Senate Joint Resolution 13A died on a vote of 33 to 29, it needed 36 votes to pass. SJR 13 is a constitutional amendment that allows voters to decide whether to raise the minimum wage. In the legislation, the minimum wage increase is tied to the cost of living. The bill is co-sponsored by Sen. Richard Martinez (D-Rio Arriba, Los Alamos, Sandoval, Santa Fe -5) and Rep. Miguel Garcia (D-Bernalillo-14).
Below is a statement from Speaker W. Ken Martinez:
“Democrats fought every step of the way to pass a minimum wage increase for New Mexico working families. Republicans voted no.”
“Pay discrepancy between CEOs and workers’ salaries continues to grow; CEOs now make, on average, 343 times more than typical workers.”
“The economic benefits of raising the minimum wage puts more money in the pockets of those who spend it, to help feed their families and educate their children. A minimum wage increase stimulates the economy, pure and simple.”

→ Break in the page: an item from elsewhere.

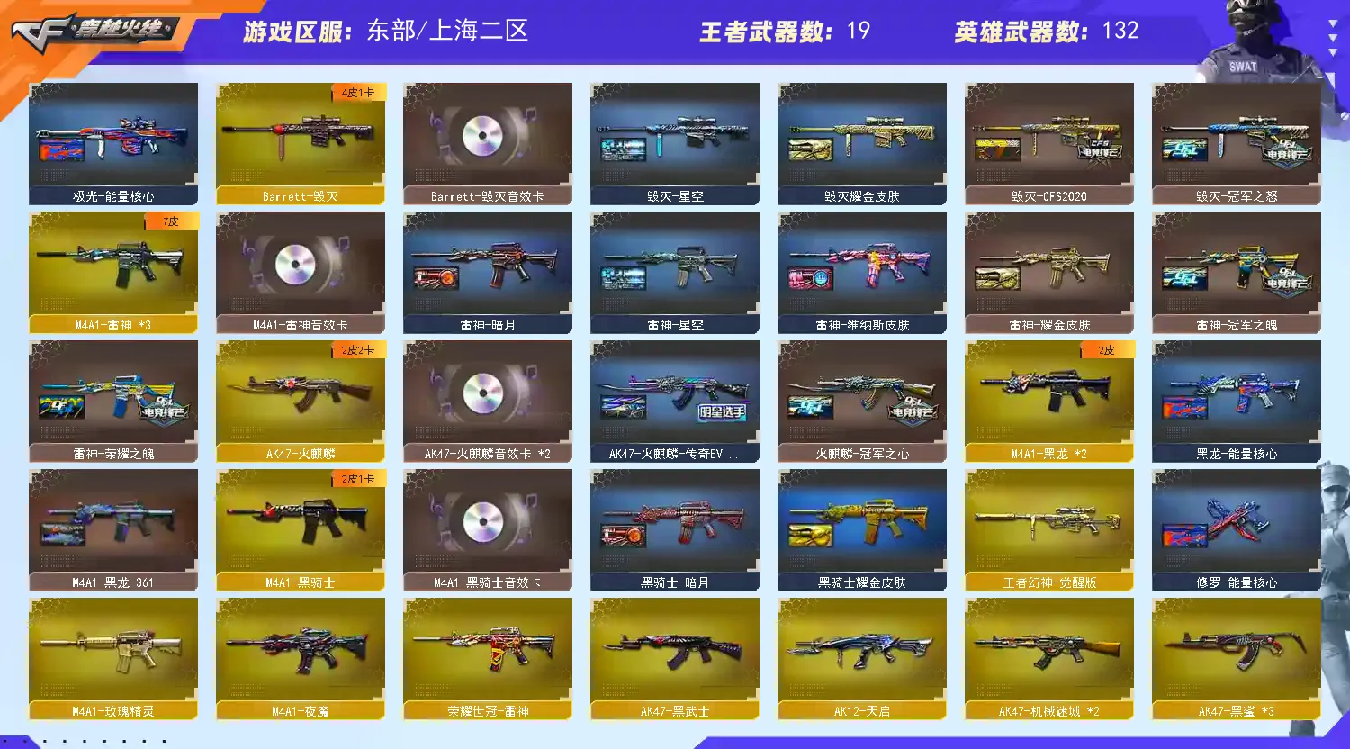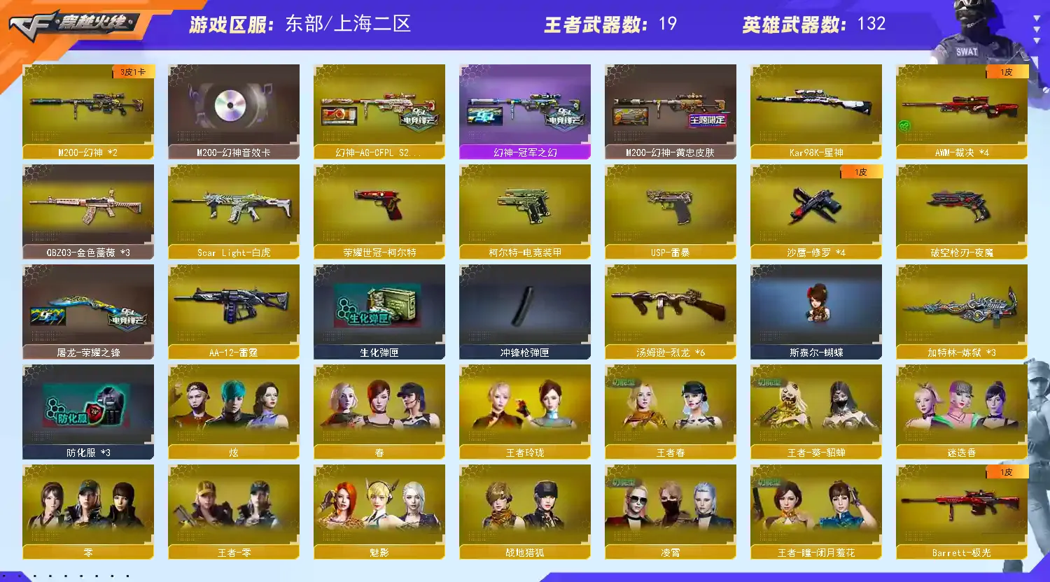 【亮点解析 幻神3皮带卡 生化高配 】【m200幻神+音效卡+冠军之幻+黄忠+ag24冠军+usp雷暴】【98k星神】【王者幻神】【6烈龙 炼狱*2 斯太尔蝴蝶 】【scar白虎】【qbz金色蔷薇】【hk417朱雀】【火麒麟+卡+冠军之心】【黑龙】【雷神+卡+荣耀之魄+白鲨冠军+冠军之魄】【黑骑士+卡】【毁灭+卡+ag15冠军+sv16冠军+冠军之怒】【极光】【裁决】 【武器:雷暴 夜魔 王者之心 王者之翼 王者之武 王者之魄 王者炎心 荣耀世冠火麒麟 荣耀世冠雷神 天龙 】 【9手枪:修罗*4 天神 雷暴 夜魔 电竞装甲 荣耀世冠柯尔特 】 【15刀具:屠龙*2 龙啸*3 擎天*2 麒麟刺 斩神刀雷暴 王者之锋 王者之心 幻灵之峰 荣耀世冠龙啸 】 【14雷套:雷暴雷*7 夜魔雷*7】 【小人枪:火麒麟绝迹 火麒麟灵狐 cop白鲨】 【音效卡:火麒麟音效卡 雷神音效卡 黑骑士音效卡 幻神音效卡 毁灭音效卡 火麒麟音效卡 】 【四防角色:王者春 王者葵貂蝉 职业经理 】

“We are disappointed but not deterred. We won’t stop fighting for New Mexico families. We will come back next year, and every year after, until this is done.”
About the bill:
SJR 13A would have raised New Mexico’s minimum wage from $7.50 to $8.30 an hour, the proposal would adjust the state’s minimum wage for inflation since 2009.
The minimum wage would then increase each year for inflation, but it couldn’t rise more than 4 percent annually. It’s estimated the wage rate would reach $8.40 in July 2016 and $8.60 in 2017, according to the Legislative Finance Committee.
Currently New Mexicans who make minimum wage, who work 40 hrs/wk for 52 weeks (2080 hrs) for $7.50/hr yield an annual salary of $15,600, or $300 a week, this keeps a family of two or more far below the current federal poverty line of $19,553, which was set in 1968.